# Exercise
Set every record down again exactly. Do not carry over the pictures.

# Data items
=== Begin Enclosure ===

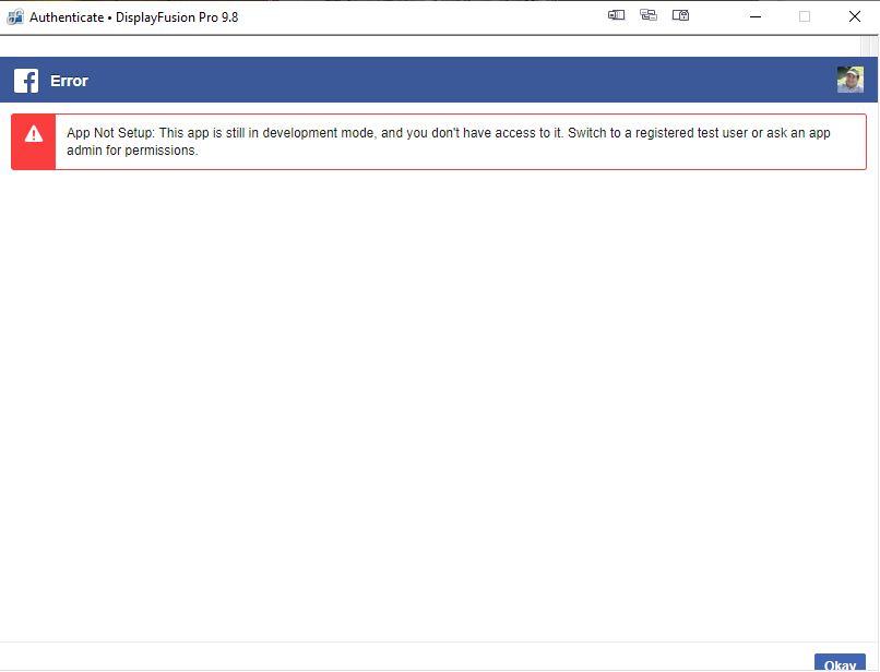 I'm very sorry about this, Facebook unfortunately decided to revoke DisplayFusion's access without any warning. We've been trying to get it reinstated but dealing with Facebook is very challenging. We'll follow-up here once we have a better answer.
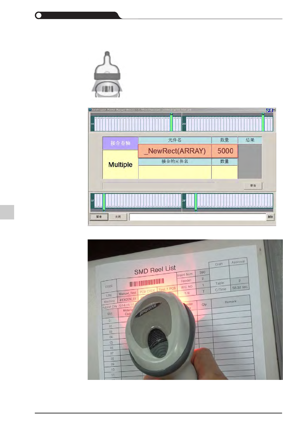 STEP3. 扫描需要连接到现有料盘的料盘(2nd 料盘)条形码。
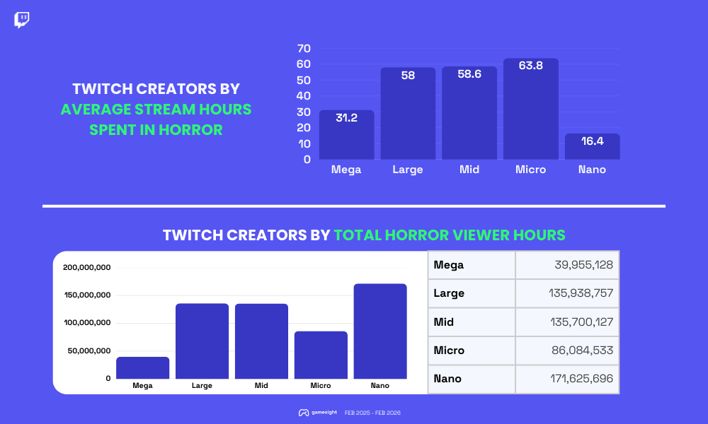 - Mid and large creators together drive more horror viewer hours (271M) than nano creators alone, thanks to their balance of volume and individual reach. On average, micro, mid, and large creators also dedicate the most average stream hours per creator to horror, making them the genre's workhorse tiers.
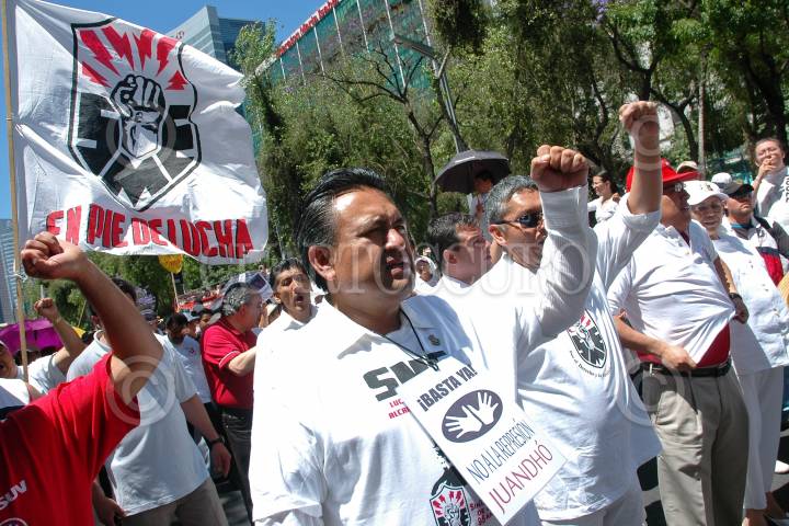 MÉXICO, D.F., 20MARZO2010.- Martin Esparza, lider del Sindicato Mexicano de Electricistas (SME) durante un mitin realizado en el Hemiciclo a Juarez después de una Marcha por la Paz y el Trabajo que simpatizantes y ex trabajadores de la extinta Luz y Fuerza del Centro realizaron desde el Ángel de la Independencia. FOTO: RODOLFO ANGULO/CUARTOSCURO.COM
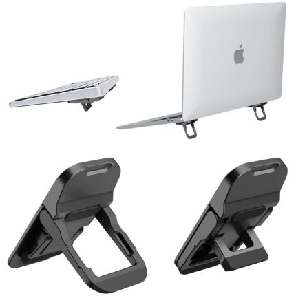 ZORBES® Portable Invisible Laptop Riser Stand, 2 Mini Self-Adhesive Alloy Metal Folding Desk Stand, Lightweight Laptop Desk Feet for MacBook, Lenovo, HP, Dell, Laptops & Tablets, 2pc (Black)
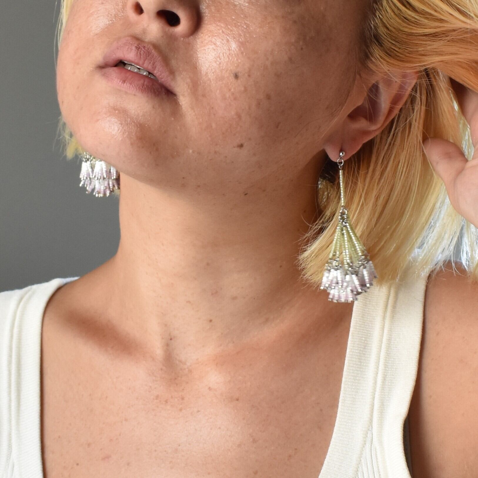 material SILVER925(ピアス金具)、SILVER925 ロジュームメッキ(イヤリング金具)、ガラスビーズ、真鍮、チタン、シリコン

=== End Enclosure ===

# Answer for the task
 I'm very sorry about this, Facebook unfortunately decided to revoke DisplayFusion's access without any warning. We've been trying to get it reinstated but dealing with Facebook is very challenging. We'll follow-up here once we have a better answer.
 STEP3. 扫描需要连接到现有料盘的料盘(2nd 料盘)条形码。
 - Mid and large creators together drive more horror viewer hours (271M) than nano creators alone, thanks to their balance of volume and individual reach. On average, micro, mid, and large creators also dedicate the most average stream hours per creator to horror, making them the genre's workhorse tiers.
 MÉXICO, D.F., 20MARZO2010.- Martin Esparza, lider del Sindicato Mexicano de Electricistas (SME) durante un mitin realizado en el Hemiciclo a Juarez después de una Marcha por la Paz y el Trabajo que simpatizantes y ex trabajadores de la extinta Luz y Fuerza del Centro realizaron desde el Ángel de la Independencia. FOTO: RODOLFO ANGULO/CUARTOSCURO.COM
 ZORBES® Portable Invisible Laptop Riser Stand, 2 Mini Self-Adhesive Alloy Metal Folding Desk Stand, Lightweight Laptop Desk Feet for MacBook, Lenovo, HP, Dell, Laptops & Tablets, 2pc (Black)
 material SILVER925(ピアス金具)、SILVER925 ロジュームメッキ(イヤリング金具)、ガラスビーズ、真鍮、チタン、シリコン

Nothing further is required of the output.